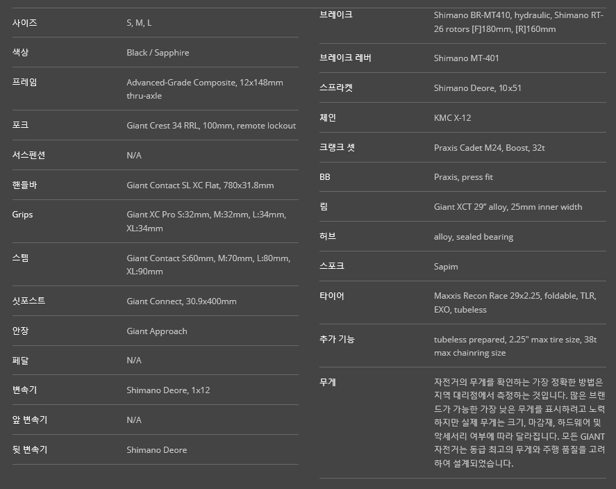 레이스 시리즈, 오프로드 마라톤, 그리고 XC 트레일에서 질주하기 위한 카본 복합소재 하드테일 29인치 바이크. XTC Advanced 29는 빠르게 흘러가는 싱글트랙 위에서 반응성이 뛰어난 라이딩 퀄리티, 최고의 효율성을 선보입니다.지름이 큰 29인치 휠과 가벼운 Advanced 등급 카본 복합소재 프레임, 부드럽지만 날렵한 XTC Advanced 29는 XC 지형 위를 여유롭게 질주합니다. 프레임에는 100mm 포크를 장착했고, 수공으로 제작된 카본 복합소재 레이업은 프레임 사이즈에 맞춰 커스텀되어 최적의 무게 대비 강성 비율과 수직 컴플라이언스를 제공합니다. 그 결과, 빠른 속도로 자신있게 싱글 트랙을 질주하고 가파른 언덕을 오르는 자전거가 탄생했습니다. 또한 넓은 Boost 허브 스페이싱은 휠의 강성을 높이고, 큰 사이즈의 휠을 사용할 수 있도록 충분한 클리어런스를 추가했습니다.가벼운 무게와 민첩성 가벼운 Advanced 등급 카본 복합소재 프레임은 클라이밍, 가속, 그리고 스프린트 경쟁에서 필요한 어드밴티지를 제공합니다. 뛰어난 효율성 프레임은 뛰어난 무게 대비 가성 비율을 지니도록 설계되었으며, 이는 트레일 위에서 효율적인 페달링 파워와 정밀한 핸들링을 제공합니다. 커스텀 컴플라이언스 프레임은 각 사이즈에 따라 조정되었습니다. 각각의 카본 레이업 스케줄은 수직 컴플라이언스를 최적화하여 XC 지형 위에서 부드러운 라이딩 퀄리티를 제공합니다. |
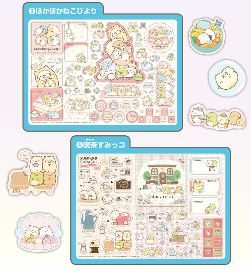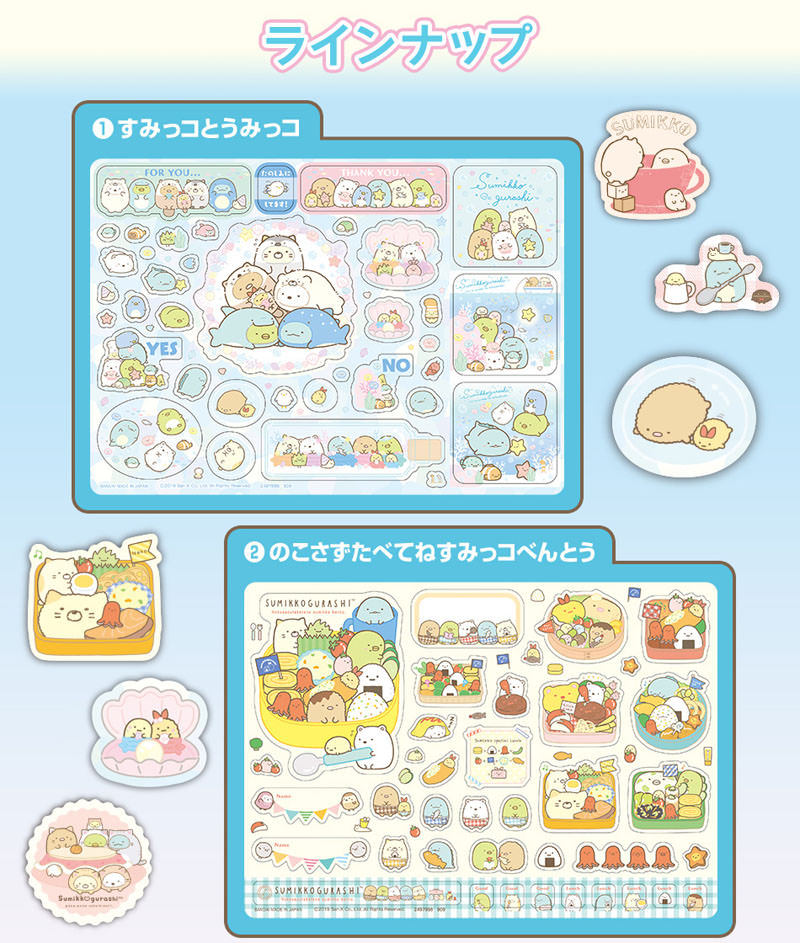 すみっコぐらしの人気テーマから、全部で4種類のシールが登場!
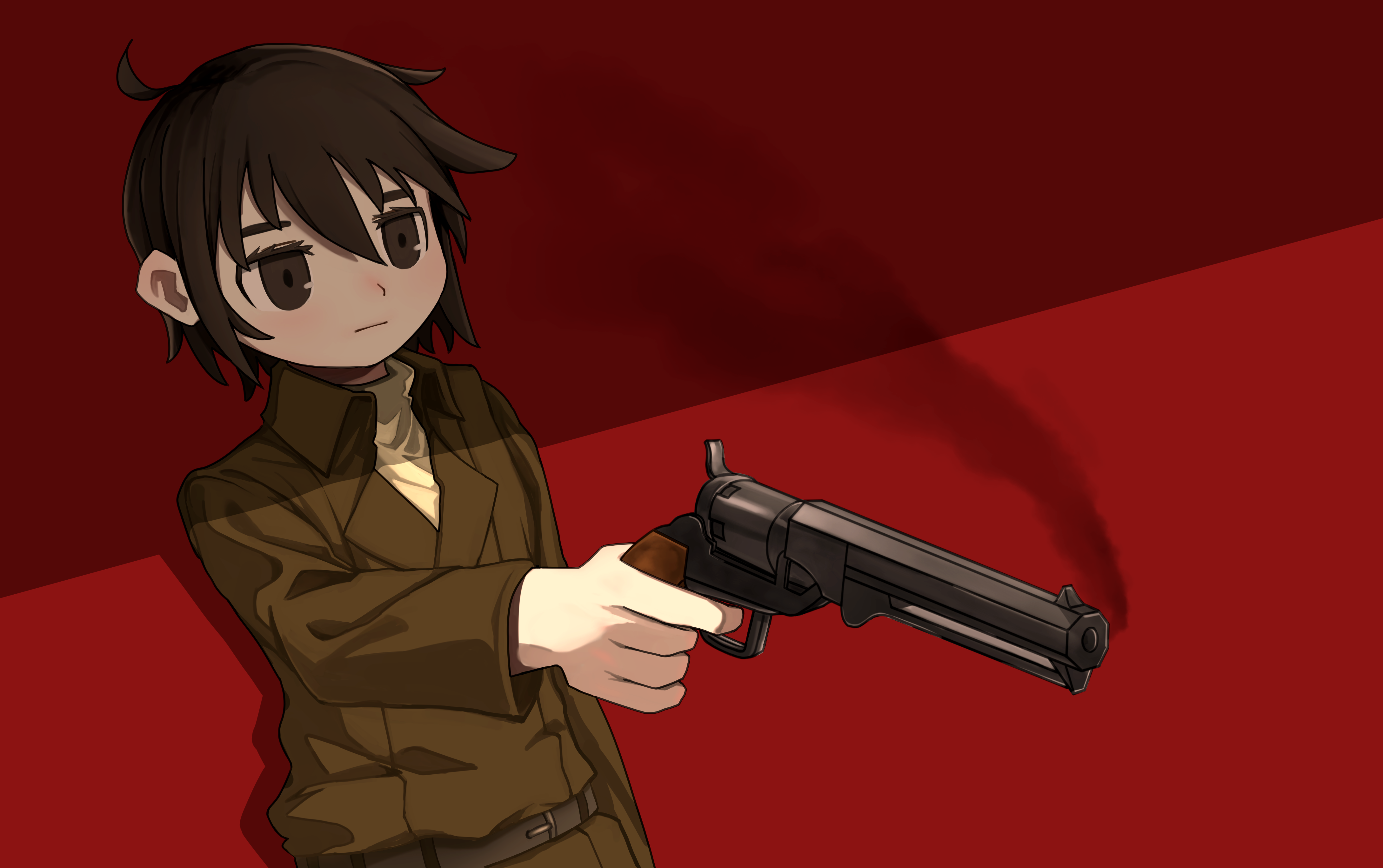 absurdres androgynous belt black_eyes black_hair brown_coat coat drawfag gender_request gun handgun highres holding holding_gun holding_weapon kino_(kino_no_tabi) kino_no_tabi red_background short_hair smoke standing upper_body weapon
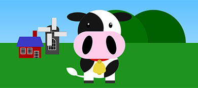 纯CSS3绘制的奶牛卡通画效果源码这是一款基于纯CSS3绘制的奶牛卡通画效果源码。画面中一片翠绿的牧场中央站立着一个卡通效果的奶牛,奶牛有着黑白相间的颜色,脖子上系着铃铛。远处有一个小屋和一座风车,...
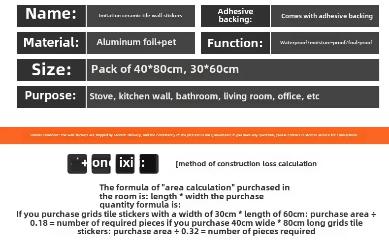 Self adhesive imitation ceramic tile imitation marble sanitary kitchen wall decoration waterproof and moisture-proof stickers
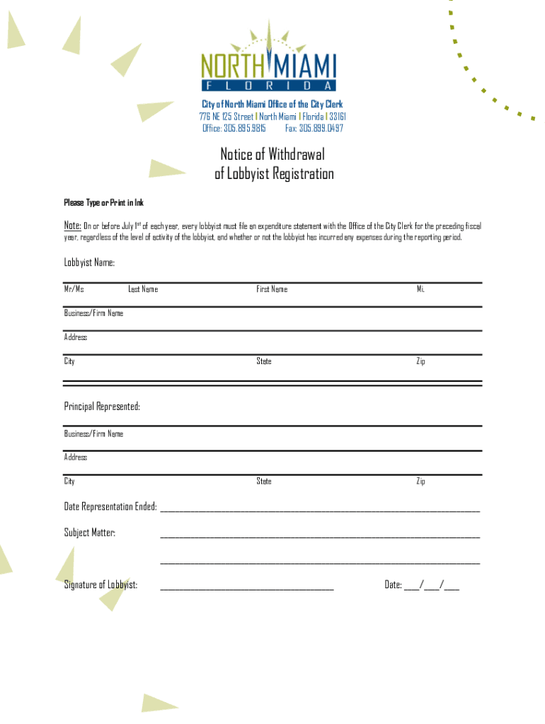 City of North Miami Office of the City Clerk 776 NE 125 Street I North Miami I Florida I 33161 Office: 305.895.9815 Fax: 305.899.0497Notice of Withdrawal of Lobbyist Registration Please Type or Print
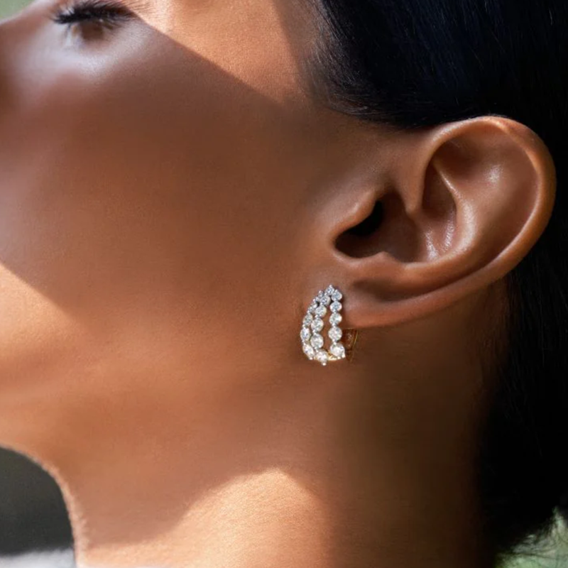 Pendientes de Aro de Oro Amarillo de 14K con Diamantes Cultivados en Laboratorio para Mujer, Corte Brillante Certificado, Joyería Moderna al por Mayor para Bodas y Fiestas
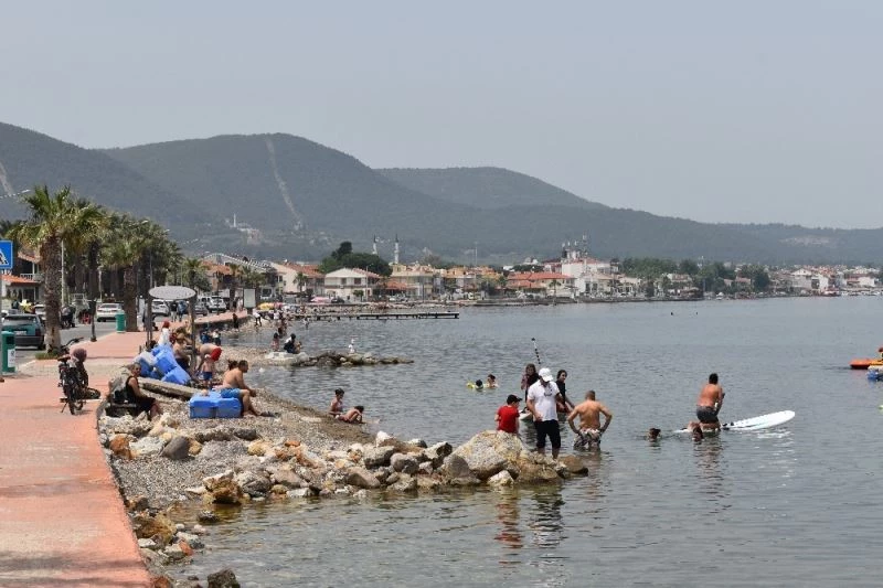 İzmir’in Urla ilçesinde, 14 yaş altı çocuklara verilen izni fırsat bilen ve sıcaktan bunalanlar plajlara akın etti.

About this task: Transcribe the whole listing, character for character, but not its images.

Answer area:
 레이스 시리즈, 오프로드 마라톤, 그리고 XC 트레일에서 질주하기 위한 카본 복합소재 하드테일 29인치 바이크. XTC Advanced 29는 빠르게 흘러가는 싱글트랙 위에서 반응성이 뛰어난 라이딩 퀄리티, 최고의 효율성을 선보입니다.지름이 큰 29인치 휠과 가벼운 Advanced 등급 카본 복합소재 프레임, 부드럽지만 날렵한 XTC Advanced 29는 XC 지형 위를 여유롭게 질주합니다. 프레임에는 100mm 포크를 장착했고, 수공으로 제작된 카본 복합소재 레이업은 프레임 사이즈에 맞춰 커스텀되어 최적의 무게 대비 강성 비율과 수직 컴플라이언스를 제공합니다. 그 결과, 빠른 속도로 자신있게 싱글 트랙을 질주하고 가파른 언덕을 오르는 자전거가 탄생했습니다. 또한 넓은 Boost 허브 스페이싱은 휠의 강성을 높이고, 큰 사이즈의 휠을 사용할 수 있도록 충분한 클리어런스를 추가했습니다.가벼운 무게와 민첩성 가벼운 Advanced 등급 카본 복합소재 프레임은 클라이밍, 가속, 그리고 스프린트 경쟁에서 필요한 어드밴티지를 제공합니다. 뛰어난 효율성 프레임은 뛰어난 무게 대비 가성 비율을 지니도록 설계되었으며, 이는 트레일 위에서 효율적인 페달링 파워와 정밀한 핸들링을 제공합니다. 커스텀 컴플라이언스 프레임은 각 사이즈에 따라 조정되었습니다. 각각의 카본 레이업 스케줄은 수직 컴플라이언스를 최적화하여 XC 지형 위에서 부드러운 라이딩 퀄리티를 제공합니다. |
 すみっコぐらしの人気テーマから、全部で4種類のシールが登場!
 absurdres androgynous belt black_eyes black_hair brown_coat coat drawfag gender_request gun handgun highres holding holding_gun holding_weapon kino_(kino_no_tabi) kino_no_tabi red_background short_hair smoke standing upper_body weapon
 纯CSS3绘制的奶牛卡通画效果源码这是一款基于纯CSS3绘制的奶牛卡通画效果源码。画面中一片翠绿的牧场中央站立着一个卡通效果的奶牛,奶牛有着黑白相间的颜色,脖子上系着铃铛。远处有一个小屋和一座风车,...
 Self adhesive imitation ceramic tile imitation marble sanitary kitchen wall decoration waterproof and moisture-proof stickers
 City of North Miami Office of the City Clerk 776 NE 125 Street I North Miami I Florida I 33161 Office: 305.895.9815 Fax: 305.899.0497Notice of Withdrawal of Lobbyist Registration Please Type or Print
 Pendientes de Aro de Oro Amarillo de 14K con Diamantes Cultivados en Laboratorio para Mujer, Corte Brillante Certificado, Joyería Moderna al por Mayor para Bodas y Fiestas
 İzmir’in Urla ilçesinde, 14 yaş altı çocuklara verilen izni fırsat bilen ve sıcaktan bunalanlar plajlara akın etti.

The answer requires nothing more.